- [Action item]
The line containing "Типовая новостройка 13" and each line after it, through the final line of the data, are to be retyped exactly, with pictures left out.
BEGIN Material for this task
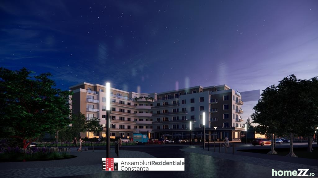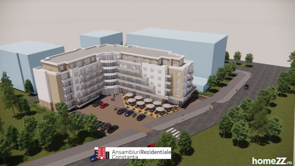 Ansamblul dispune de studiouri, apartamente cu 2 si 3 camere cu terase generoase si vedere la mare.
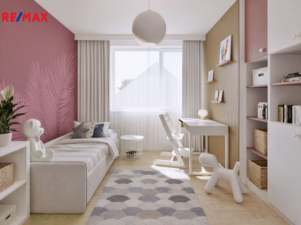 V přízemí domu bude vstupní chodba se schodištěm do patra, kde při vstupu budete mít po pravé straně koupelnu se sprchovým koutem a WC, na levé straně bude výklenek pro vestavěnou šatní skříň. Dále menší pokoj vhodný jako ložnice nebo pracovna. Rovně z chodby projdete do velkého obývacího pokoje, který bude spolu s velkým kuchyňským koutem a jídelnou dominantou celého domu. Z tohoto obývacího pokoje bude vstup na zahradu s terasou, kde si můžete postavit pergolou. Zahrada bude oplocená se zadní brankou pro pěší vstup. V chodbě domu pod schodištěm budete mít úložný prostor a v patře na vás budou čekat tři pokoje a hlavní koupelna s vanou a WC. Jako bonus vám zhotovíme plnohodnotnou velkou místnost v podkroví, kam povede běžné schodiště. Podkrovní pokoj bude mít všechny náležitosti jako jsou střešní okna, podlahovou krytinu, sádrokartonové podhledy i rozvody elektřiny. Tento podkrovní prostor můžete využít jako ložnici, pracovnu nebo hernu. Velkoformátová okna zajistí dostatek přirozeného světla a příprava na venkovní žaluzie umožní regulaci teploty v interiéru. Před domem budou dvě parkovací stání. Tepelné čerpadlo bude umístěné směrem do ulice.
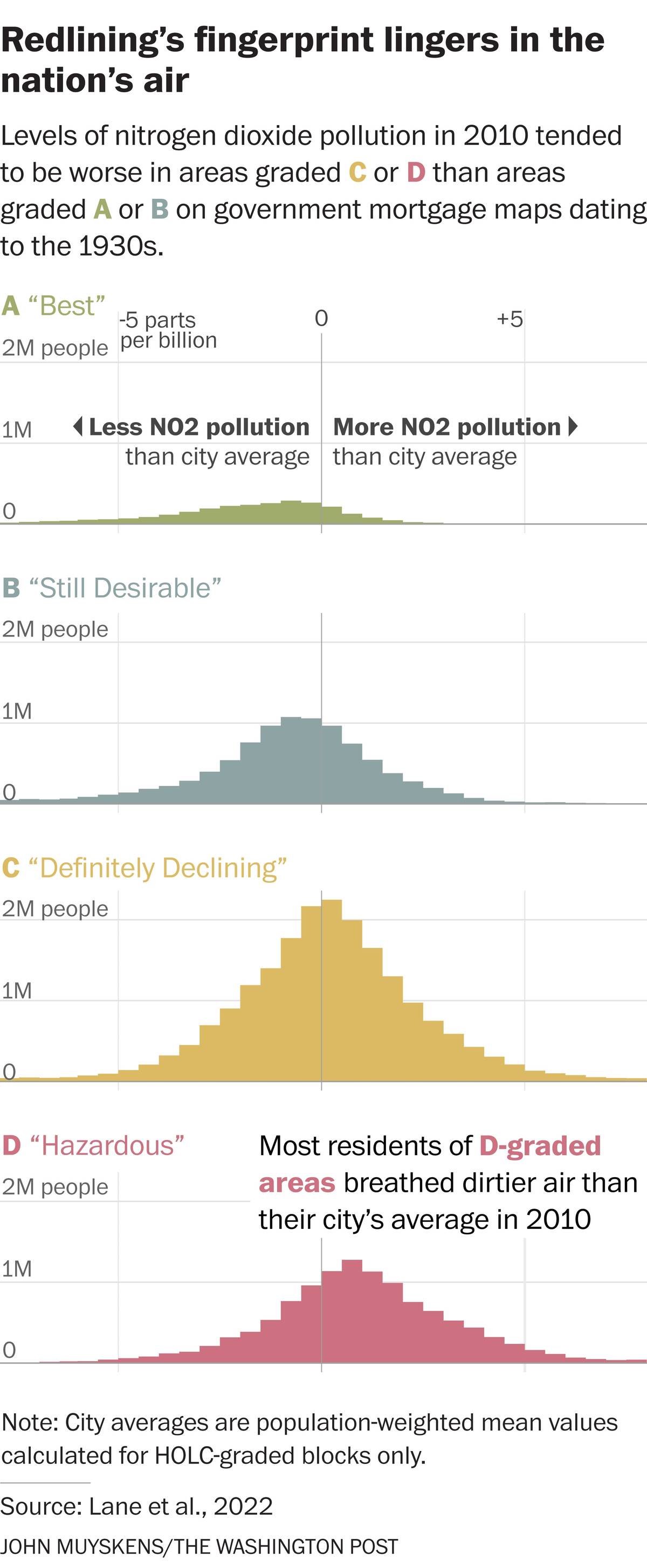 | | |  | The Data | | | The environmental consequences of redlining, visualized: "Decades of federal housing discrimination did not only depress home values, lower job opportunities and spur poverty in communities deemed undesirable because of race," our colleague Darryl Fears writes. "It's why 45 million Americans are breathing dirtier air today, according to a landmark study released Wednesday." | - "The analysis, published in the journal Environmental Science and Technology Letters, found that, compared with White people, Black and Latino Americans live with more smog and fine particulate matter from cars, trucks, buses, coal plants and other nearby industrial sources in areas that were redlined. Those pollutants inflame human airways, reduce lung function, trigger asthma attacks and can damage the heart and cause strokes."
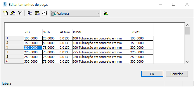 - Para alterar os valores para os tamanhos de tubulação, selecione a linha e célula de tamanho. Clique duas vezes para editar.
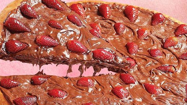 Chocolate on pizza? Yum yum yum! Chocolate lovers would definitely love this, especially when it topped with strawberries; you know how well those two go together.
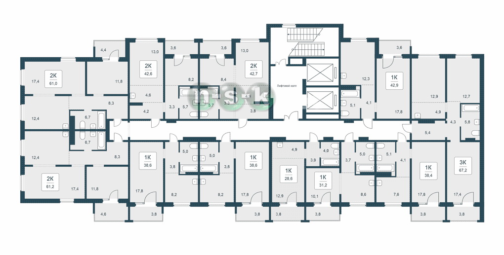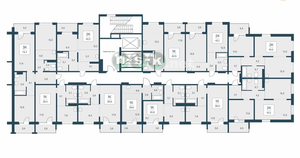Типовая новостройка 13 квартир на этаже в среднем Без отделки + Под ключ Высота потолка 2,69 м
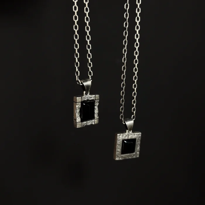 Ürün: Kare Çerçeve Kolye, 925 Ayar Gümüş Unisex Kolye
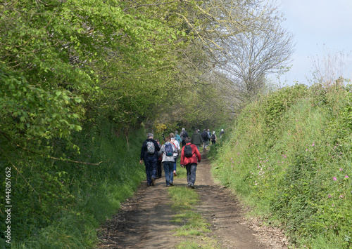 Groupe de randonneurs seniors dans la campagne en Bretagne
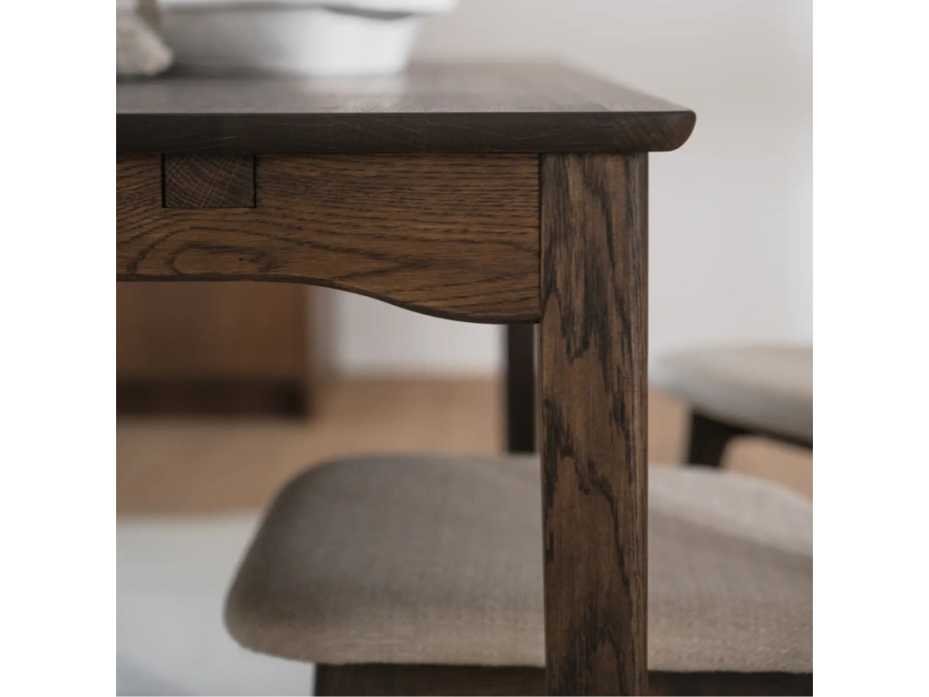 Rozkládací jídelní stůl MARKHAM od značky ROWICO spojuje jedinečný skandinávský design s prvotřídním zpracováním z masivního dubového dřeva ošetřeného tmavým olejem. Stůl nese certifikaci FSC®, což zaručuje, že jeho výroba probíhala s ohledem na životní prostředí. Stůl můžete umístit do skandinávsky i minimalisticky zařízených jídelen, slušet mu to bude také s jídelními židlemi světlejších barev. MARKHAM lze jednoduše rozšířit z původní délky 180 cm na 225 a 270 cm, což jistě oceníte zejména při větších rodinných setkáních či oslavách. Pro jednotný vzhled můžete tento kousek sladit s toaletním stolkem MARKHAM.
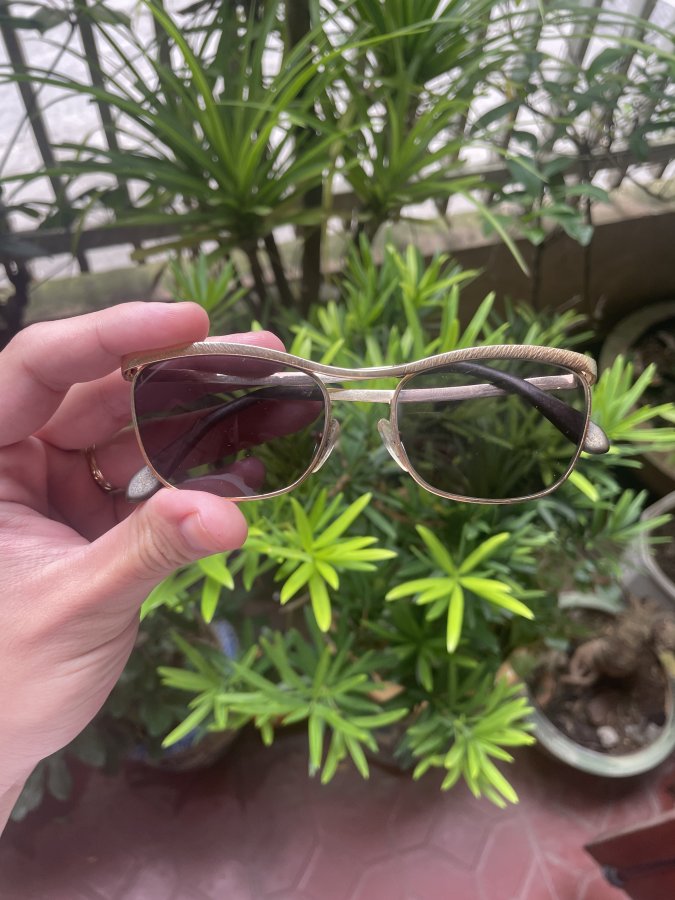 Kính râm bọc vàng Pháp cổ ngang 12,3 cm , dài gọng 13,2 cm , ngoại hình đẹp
END Material for this task
- [Exercise result]
Типовая новостройка 13 квартир на этаже в среднем Без отделки + Под ключ Высота потолка 2,69 м
 Ürün: Kare Çerçeve Kolye, 925 Ayar Gümüş Unisex Kolye
 Groupe de randonneurs seniors dans la campagne en Bretagne
 Rozkládací jídelní stůl MARKHAM od značky ROWICO spojuje jedinečný skandinávský design s prvotřídním zpracováním z masivního dubového dřeva ošetřeného tmavým olejem. Stůl nese certifikaci FSC®, což zaručuje, že jeho výroba probíhala s ohledem na životní prostředí. Stůl můžete umístit do skandinávsky i minimalisticky zařízených jídelen, slušet mu to bude také s jídelními židlemi světlejších barev. MARKHAM lze jednoduše rozšířit z původní délky 180 cm na 225 a 270 cm, což jistě oceníte zejména při větších rodinných setkáních či oslavách. Pro jednotný vzhled můžete tento kousek sladit s toaletním stolkem MARKHAM.
 Kính râm bọc vàng Pháp cổ ngang 12,3 cm , dài gọng 13,2 cm , ngoại hình đẹp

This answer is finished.